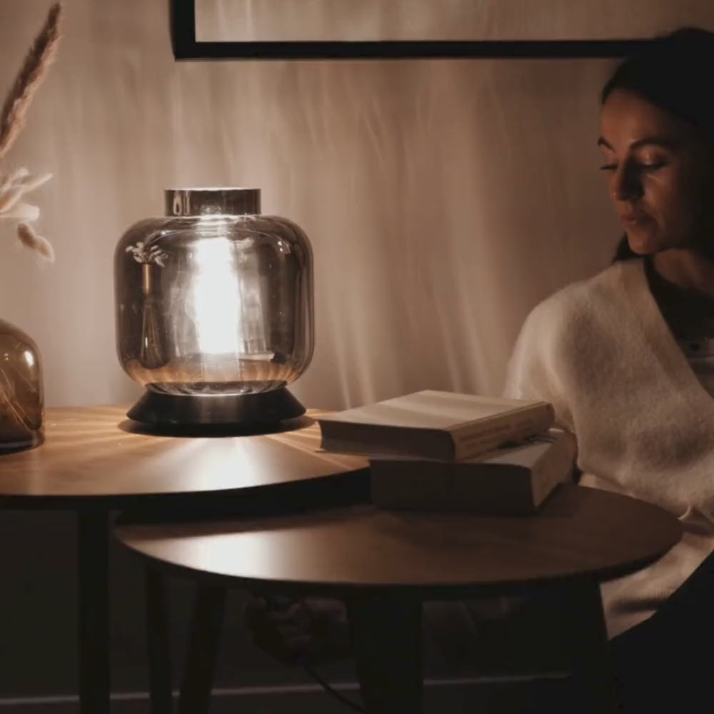 Mit der s.luce Velo Design Glas-Tischleuchte setzt Du ein stilvolles Highlight in Deinem Raum. Die Leuchte begeistert mit drei stilvollen Glasfarben – Rauch, Cognac und Klar – sowie unterschiedlichen Größen, die flexibel miteinander kombiniert werden können.
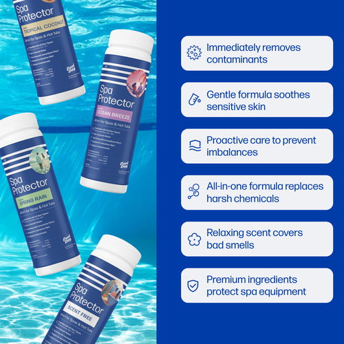 Use less Chlorine/Bromine - You will notice that your spa uses far less chlorine (or alternative sanitizer) when using Spa Protector—saving you money and cutting down on the harsh smell of sanitizer!
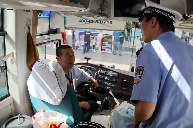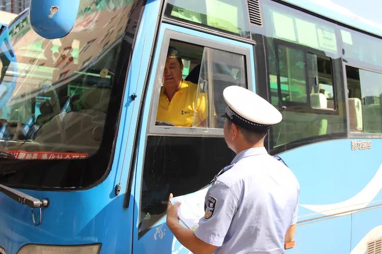 最后,大队领导在客运车辆安检点对客运车辆的安检记录进行了查看,要求车辆安检员要切实负起责任,尽职尽责,杜绝带病车辆上路。经二路中队民警向驾驶员详细讲解了交通安全展板事故警示案例,向乘客群众发放了“车让人•人守规”交通安全宣传彩页,使驾驶员和乘车群众把交通安全时刻牢记心头,全力做好夏季客运车辆交通事故预防工作,努力构建“车让人•人守规”的和谐交通安全出行环境。
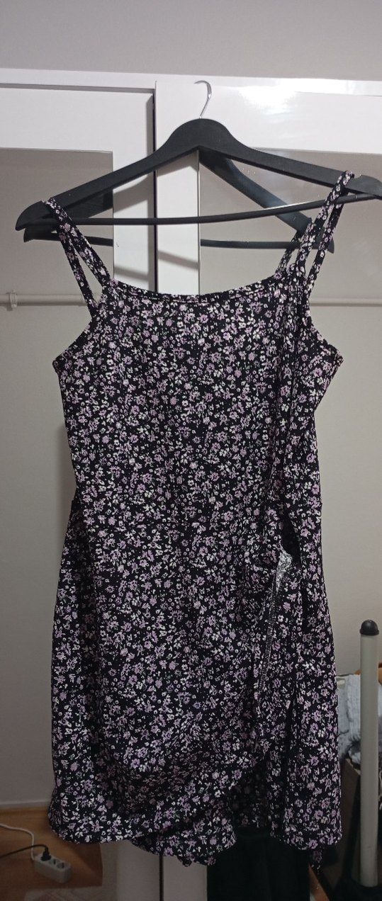 Mor çiçek desenli, askılı ve drapeli, vücuda oturan midi elbise, günlük rahat kullanım için uygundur.
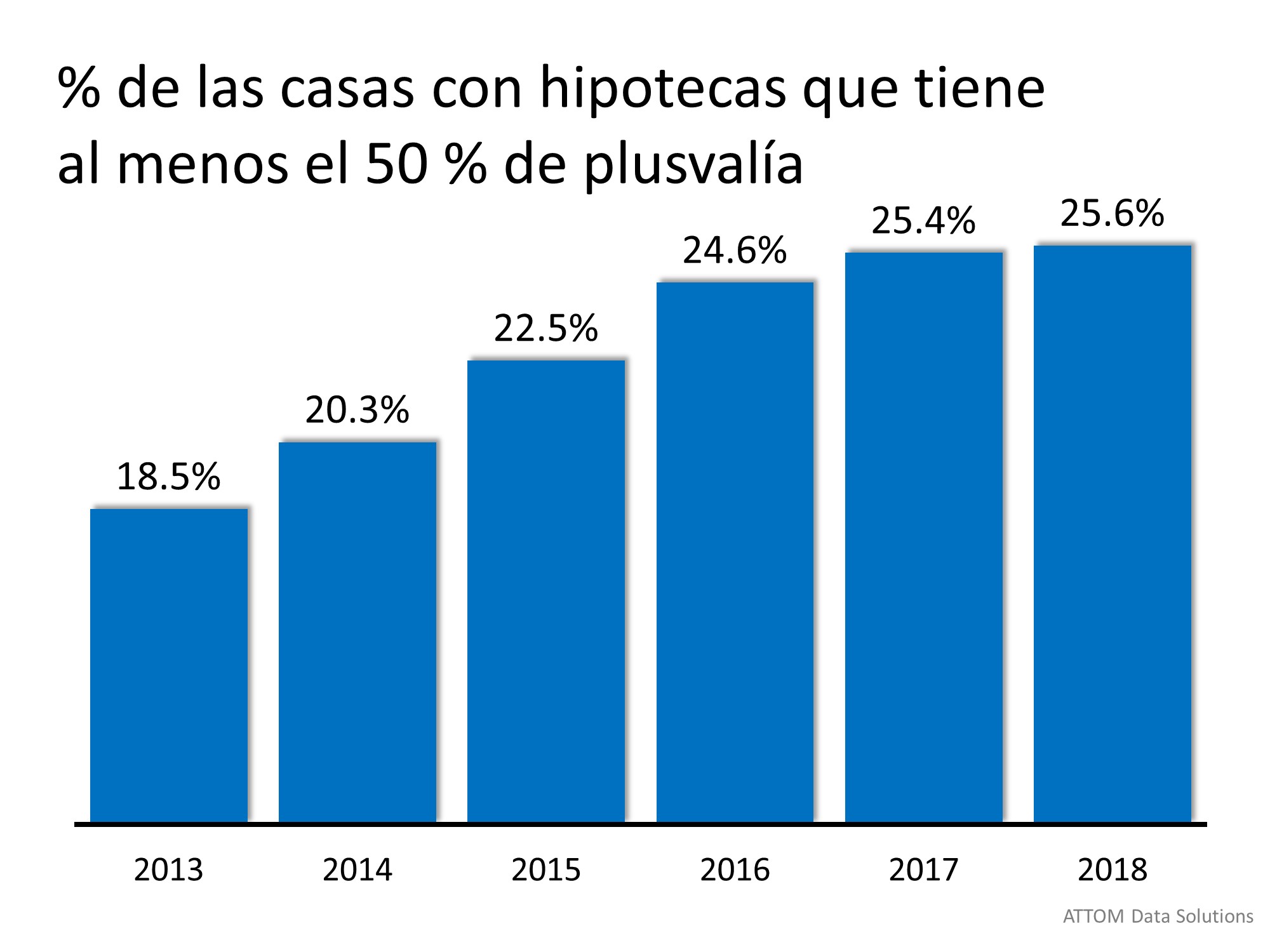 El número de propietarios que actualmente tienen al menos el 50 % de plusvalía en sus casas es asombroso. Según el Urban Institute, 37.1 % de todas las viviendas en el país están libres de hipotecas. En un estudio de plusvalía de la vivienda, ATTOM Data Solutions reveló que del 62.9 % de las casas con una hipoteca, 25.6 % tiene al menos el 50 % de plusvalía. Ese número ha ido en aumento en los últimos cinco años.
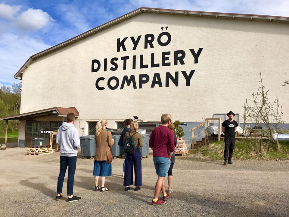 Kyrö Distillery! Vierailu Kyrö Distilleryssä sisälsi kierroksen tislaamossa sekä ginimaistiaiset. Kanadalaiset kuuntelivat tarkkaavaisesti, kun oppaamme Erkka kertoi meille tislaamon historiasta ja maistiaisten aikana eri ginityyppien tunnusomaisista piirteistä. Vierailu Kyrö Distilleryssä vaikutti tekevän hyvän vaikutuksen kanadalaisiin, sillä moni kyseli vierailun jälkeen mahdollisesta pysähdyksestä Alkossa.
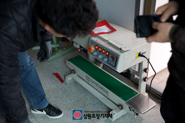 밴드실러를 작동하기 위해 예열을 해놓고 컨베어도 돌려봤습니다, 다른 자동화 포장기기도 쓰시지만 작업이 많아서 서브로 밴드실러로 실링과, 날인을 하시고 계셨네요
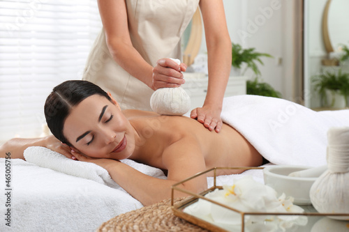 Young woman receiving herbal bag massage in spa salon
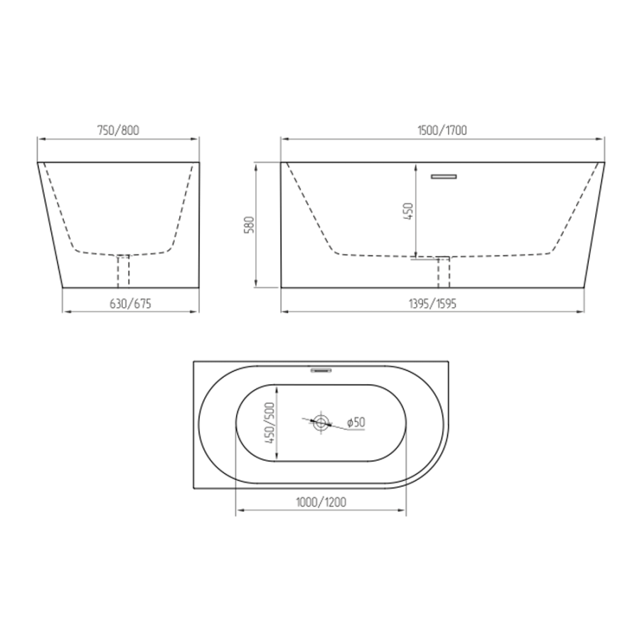 Акриловая ванна AVS Галатея 150x75 L белая с донным клапаном
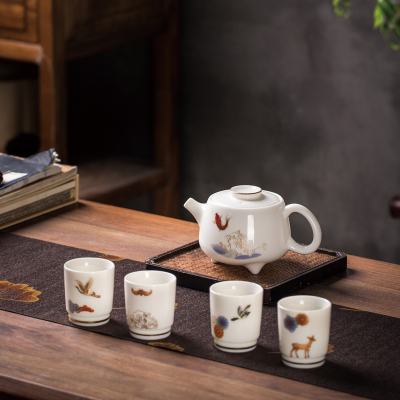 三维工匠陶瓷旅行功夫茶具套装快客一壶二杯便携式随身小套单人泡茶杯定制 珐琅彩同心杯-明黄+茶叶罐送防烫胶套

^^^^

◆ Requirement
Pictures aside, print every line of the material exactly.

◆ Written answer
 Mit der s.luce Velo Design Glas-Tischleuchte setzt Du ein stilvolles Highlight in Deinem Raum. Die Leuchte begeistert mit drei stilvollen Glasfarben – Rauch, Cognac und Klar – sowie unterschiedlichen Größen, die flexibel miteinander kombiniert werden können.
 Use less Chlorine/Bromine - You will notice that your spa uses far less chlorine (or alternative sanitizer) when using Spa Protector—saving you money and cutting down on the harsh smell of sanitizer!
 最后,大队领导在客运车辆安检点对客运车辆的安检记录进行了查看,要求车辆安检员要切实负起责任,尽职尽责,杜绝带病车辆上路。经二路中队民警向驾驶员详细讲解了交通安全展板事故警示案例,向乘客群众发放了“车让人•人守规”交通安全宣传彩页,使驾驶员和乘车群众把交通安全时刻牢记心头,全力做好夏季客运车辆交通事故预防工作,努力构建“车让人•人守规”的和谐交通安全出行环境。
 Mor çiçek desenli, askılı ve drapeli, vücuda oturan midi elbise, günlük rahat kullanım için uygundur.
 El número de propietarios que actualmente tienen al menos el 50 % de plusvalía en sus casas es asombroso. Según el Urban Institute, 37.1 % de todas las viviendas en el país están libres de hipotecas. En un estudio de plusvalía de la vivienda, ATTOM Data Solutions reveló que del 62.9 % de las casas con una hipoteca, 25.6 % tiene al menos el 50 % de plusvalía. Ese número ha ido en aumento en los últimos cinco años.
 Kyrö Distillery! Vierailu Kyrö Distilleryssä sisälsi kierroksen tislaamossa sekä ginimaistiaiset. Kanadalaiset kuuntelivat tarkkaavaisesti, kun oppaamme Erkka kertoi meille tislaamon historiasta ja maistiaisten aikana eri ginityyppien tunnusomaisista piirteistä. Vierailu Kyrö Distilleryssä vaikutti tekevän hyvän vaikutuksen kanadalaisiin, sillä moni kyseli vierailun jälkeen mahdollisesta pysähdyksestä Alkossa.
 밴드실러를 작동하기 위해 예열을 해놓고 컨베어도 돌려봤습니다, 다른 자동화 포장기기도 쓰시지만 작업이 많아서 서브로 밴드실러로 실링과, 날인을 하시고 계셨네요
 Young woman receiving herbal bag massage in spa salon
 Акриловая ванна AVS Галатея 150x75 L белая с донным клапаном
 三维工匠陶瓷旅行功夫茶具套装快客一壶二杯便携式随身小套单人泡茶杯定制 珐琅彩同心杯-明黄+茶叶罐送防烫胶套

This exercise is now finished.